The Greatest Regeneration:
The Accidental Remaking of America

Although he had no idea at the time, Allan Howerton's journey to Denver began two years earlier, on January 11, 1944, when two very distinct road maps to postwar America landed on Congress's doorstep.

One vision for "winning the peace" came wrapped in the pomp and ritual of the president's annual State of the Union address. The other was scrawled by lobbyists a mile from the Capitol, on hotel stationery, then hastily typed up for public consumption.

One represented nothing less than President Franklin Delano Roosevelt's plan to expand the Founding Fathers' original vision of a just America: giving every citizen the right to a rewarding job, a living wage, a decent home, health care, education, and a pension -- not as opportunities, not as privileges, not as goods to which everyone (who could afford them) had access, but rights, guaranteed to every American, from cradle to grave. He called it a "Second Bill of Rights."

The other plan, courtesy of the era's most powerful veterans organization, the American Legion, advanced a more modest goal, or so it seemed: to compensate the servicemen of World War II for their lost time and opportunities, offering 16 million veterans a small array of government-subsidized loans, unemployment benefits, and a year of school or technical training for those whose educations had been interrupted by the draft or enlistment. The Legion called this a "Bill of Rights for G.I. Joe and Jane."

The first plan promised to reinvent America after the war.

The second offered to put things back to where they were before the war.

As it turned out, neither plan's promises could be kept. FDR never got the chance to remake America. Instead, the G.I. Bill did.

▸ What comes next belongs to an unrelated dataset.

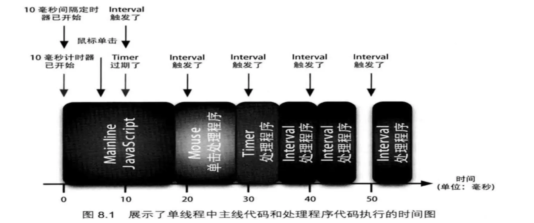 这张图的X轴是以毫秒为单位的时间轴矩形快的大小意味着js代码的执行部分以及执行时间。下面本胖就以时刻为单位来简单明了地说清楚这张图的内涵哈。

This was not by grand design, but quite by accident, as much a creation of petty partisans as of political visionaries. Yet the forces set in motion that day in January 1944 would power an unprecedented and far-reaching transformation -- of education, of cities and a new suburbia, of the social, cultural, and physical geography of America, of science, medicine, and the arts. And just as importantly, the blandly and bureaucratically named Servicemen's Readjustment Act of 1944, forever remembered as the G.I. Bill of Rights, would alter both the aspirations and the expectations of all Americans, veterans and nonveterans alike.

A nation of renters would become a nation of homeowners. College would be transformed from an elite bastion to a middleclass entitlement. Suburbia would be born amid the clatter of bulldozers and the smell of new asphalt linking it all together. Inner cities would collapse. The Cold War would find its warriors -- not in the trenches or the barracks, but at the laboratory and the wind tunnel and the drafting table. Educations would be made possible for fourteen future Nobel Prize winners, three Supreme Court justices, three presidents, a dozen senators, two dozen Pulitzer Prize winners, 238,000 teachers, 91,000 scientists, 67,000 doctors, 450,000 engineers, 240,000 accountants, 17,000 journalists, 22,000 dentists -- along with a million lawyers, nurses, businessmen, artists, actors, writers, pilots, and others. All would owe their careers not to FDR's grand vision, but to that one modest proposal that was supposed to put the country back to where it had been before the war.

There was never anything like it before.

There is nothing like it on the horizon.

It began with a simple question: Now what?